[45] 62nd Division.
[CHAPTER IX]
Cambrai and After (II):
November 23rd to December 31st, 1917
The conditions under which the attack was continued were difficult in the extreme. From the 23rd of November onward the enemy artillery fire increased enormously, while the ground appeared to be powdered with machine-guns skilfully and tenaciously fought. The troops of the 36th Division were weary. Even such battalions as had not already been in action were suffering from the long exposure to bad weather. And the weather was worsening. Hitherto it had been wet, but, for November, not cold, though the nights were trying enough for troops in fighting kit and with small shelter. Now it began to appear as though the rain would turn to snow. The most formidable difficulty of all was that of communications. The light railways, of which so much had been hoped, were useful certainly, but had not come up to expectation. The roads were bad beyond expression. The main communication of the 36th Division was the Hermies-Graincourt Road. Over the greater part of its length it was sunken, as were those from Hermies to Demicourt, and from Demicourt to Graincourt. Being sunken, it was impossible to widen these mere country lanes, nor was there anything approaching a sufficiency of metal to sustain the huge volume of traffic upon them. On the Hermies-Graincourt Road there were frequent serious blocks in the traffic during the early days, when a limber broke a pole or a cooker lost a wheel. Eventually the road itself ceased to be used at all, traffic proceeding on either side of the banks, and chalk being hastily tumbled into the holes which it speedily made.
The plans of the IV. Corps for November the 23rd were ambitious enough, yet more modest than those of the preceding day. On the right the 51st Division was to retake Fontaine, and secure the high ground east of Bourlon Wood. The 40th Division, which had relieved the 62nd, was to take Bourlon village. The 36th and 56th Divisions were to advance up the Canal and roll up the Hindenburg Support System. Tanks were to assist the attack of the 36th Division for the first time during the operations.
The advance of the 36th Division was again to bestride the Canal du Nord. The 107th Brigade was to attack on the east side, the 108th Brigade on the west. The former was to be supported by the 93rd Army Field Artillery Brigade and a Siege Battery; the latter by the Division's own Artillery Brigades. The sixteen tanks available were allotted to the 107th Brigade. General Withycombe held a conference of commanding officers and officers of the Tank Battalion at his headquarters near Graincourt. The attack was to have two phases: the first, the capture of the Hindenburg trenches: up to the Canal, of Round Trench and Lock 5; the second, an advance northward to Hobart Street from the Canal to the north corner of Quarry Wood, the northern and eastern skirts of which were to be held. To the first phase eleven tanks were allotted; to the second five, with any survivors of the first. An hour and a half was considered sufficient for the carrying through of the first phase; after which there was to be an hour's pause before the opening of the second.
West of the Canal the capture of Mœuvres was to coincide with the first phase.
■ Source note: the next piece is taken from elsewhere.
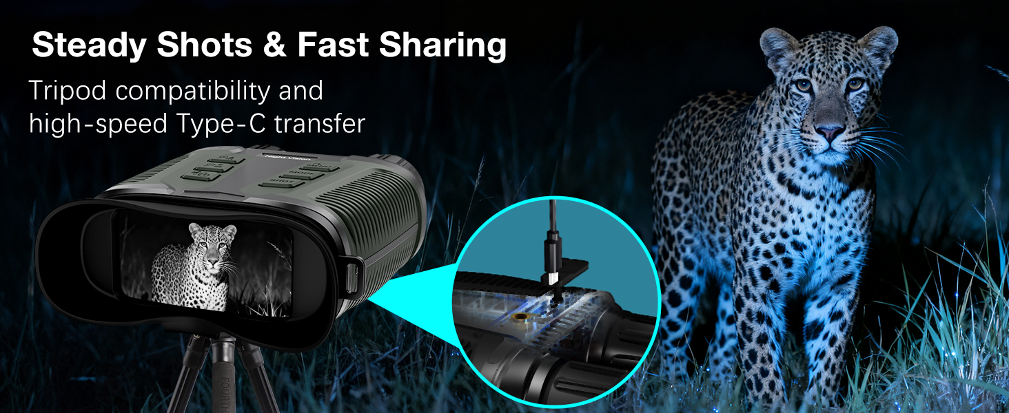 - Outdoor-Ready Design – With IP54 protection, tripod mount, and Type-C connection for charging and file transfer, these night-vision goggles are suitable for camping, hiking, wildlife watching, and security observation.

The second was to be the capture of the trench running westward from Lock 4 to the Hindenburg Support System. Zero for the first phase was fixed at 10-30 a.m., the earliest moment possible, seeing that General Withycombe had not been able to issue his orders till 8-30, owing to the difficulty in collecting the tank officers. One company commander in the 107th Brigade has informed the writer that he had less than fifteen minutes to assemble his men and explain the attack to his officers.
The task of the 15th Rifles was the rolling up of the Hindenburg Support System to the Canal, and on the success of that battalion the whole scheme of the 107th Brigade depended. It was nothing less than a calamity that of the two tanks that should have led the troops, one broke down, while the other turned off to the right and left them. As they went forward they met overwhelming machine-gun fire. One company made an advance of some hundred yards, while one of its platoons most gallantly rushed an enemy crater-post in the road running north from the factory. But the company was inadequately supported, being neither reinforced nor supplied with ammunition and rifle grenades, and, far from being able to improve its position, had eventually to abandon some of the ground won. The 8th Rifles, assisted by a tank, captured and consolidated Round Trench, also Lock 5, where a few prisoners were taken. A frontal attack upon the Hindenburg System was here out of the question, and these minor successes represented all the ground gained. It is doubtful whether more than two tanks out of the eleven ever crossed the Hindenburg Support System, the rest having either broken down or been put out of action by the German artillery fire, now very heavy. Without them, advance was all but impossible. It was the more unfortunate since the 40th Division had made a very fine attack and captured Bourlon, while the 51st again took Fontaine. Repeated and heavy counter-attacks drove the 40th from Bourlon, but the Germans could never penetrate the wood. The 51st were also driven out of Fontaine, and the line of the 40th was represented by a very dangerous salient.